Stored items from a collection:
*** Block opens ***

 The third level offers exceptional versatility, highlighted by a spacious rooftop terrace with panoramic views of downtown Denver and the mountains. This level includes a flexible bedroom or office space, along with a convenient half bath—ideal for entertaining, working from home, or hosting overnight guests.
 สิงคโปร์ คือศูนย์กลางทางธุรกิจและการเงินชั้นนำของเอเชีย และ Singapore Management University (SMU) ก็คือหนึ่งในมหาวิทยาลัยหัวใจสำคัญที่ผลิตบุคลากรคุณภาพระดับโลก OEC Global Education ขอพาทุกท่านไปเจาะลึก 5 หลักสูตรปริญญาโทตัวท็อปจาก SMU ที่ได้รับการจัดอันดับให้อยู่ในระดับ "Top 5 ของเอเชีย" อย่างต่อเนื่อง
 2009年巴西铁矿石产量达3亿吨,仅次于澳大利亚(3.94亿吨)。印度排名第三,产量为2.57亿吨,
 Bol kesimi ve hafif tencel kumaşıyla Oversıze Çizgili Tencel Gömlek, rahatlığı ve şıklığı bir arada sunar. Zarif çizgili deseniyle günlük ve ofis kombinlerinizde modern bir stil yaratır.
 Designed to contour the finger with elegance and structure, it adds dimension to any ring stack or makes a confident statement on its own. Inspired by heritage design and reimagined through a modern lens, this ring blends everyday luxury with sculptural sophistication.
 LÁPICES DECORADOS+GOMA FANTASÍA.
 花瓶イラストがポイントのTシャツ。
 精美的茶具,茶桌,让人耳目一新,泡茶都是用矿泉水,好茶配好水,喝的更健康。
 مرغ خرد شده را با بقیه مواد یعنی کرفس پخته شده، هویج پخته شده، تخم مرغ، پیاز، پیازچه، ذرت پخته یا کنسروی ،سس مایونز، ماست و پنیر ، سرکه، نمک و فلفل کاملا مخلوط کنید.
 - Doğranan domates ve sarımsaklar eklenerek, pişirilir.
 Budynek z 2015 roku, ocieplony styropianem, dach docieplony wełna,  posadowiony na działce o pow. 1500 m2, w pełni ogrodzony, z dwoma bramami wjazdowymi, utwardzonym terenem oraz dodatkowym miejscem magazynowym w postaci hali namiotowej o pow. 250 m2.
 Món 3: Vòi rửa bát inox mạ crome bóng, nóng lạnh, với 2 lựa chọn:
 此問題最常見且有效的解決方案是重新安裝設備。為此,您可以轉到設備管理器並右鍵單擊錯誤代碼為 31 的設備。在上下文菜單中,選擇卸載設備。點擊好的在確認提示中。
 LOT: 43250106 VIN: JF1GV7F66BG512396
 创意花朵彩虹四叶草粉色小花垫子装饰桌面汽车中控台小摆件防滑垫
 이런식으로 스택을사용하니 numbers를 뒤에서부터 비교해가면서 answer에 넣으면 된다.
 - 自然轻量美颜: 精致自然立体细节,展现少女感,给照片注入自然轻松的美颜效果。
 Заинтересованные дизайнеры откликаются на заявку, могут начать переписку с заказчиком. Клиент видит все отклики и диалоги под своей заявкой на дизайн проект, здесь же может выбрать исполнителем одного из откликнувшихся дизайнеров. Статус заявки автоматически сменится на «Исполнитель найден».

*** Block closes ***

REQUIREMENT:
What is needed is an exact printout of every line from the one with "Món 3: Vòi rửa" through the end of the data, including both, and nothing more.

SOLUTION:
 Món 3: Vòi rửa bát inox mạ crome bóng, nóng lạnh, với 2 lựa chọn:
 此問題最常見且有效的解決方案是重新安裝設備。為此,您可以轉到設備管理器並右鍵單擊錯誤代碼為 31 的設備。在上下文菜單中,選擇卸載設備。點擊好的在確認提示中。
 LOT: 43250106 VIN: JF1GV7F66BG512396
 创意花朵彩虹四叶草粉色小花垫子装饰桌面汽车中控台小摆件防滑垫
 이런식으로 스택을사용하니 numbers를 뒤에서부터 비교해가면서 answer에 넣으면 된다.
 - 自然轻量美颜: 精致自然立体细节,展现少女感,给照片注入自然轻松的美颜效果。
 Заинтересованные дизайнеры откликаются на заявку, могут начать переписку с заказчиком. Клиент видит все отклики и диалоги под своей заявкой на дизайн проект, здесь же может выбрать исполнителем одного из откликнувшихся дизайнеров. Статус заявки автоматически сменится на «Исполнитель найден».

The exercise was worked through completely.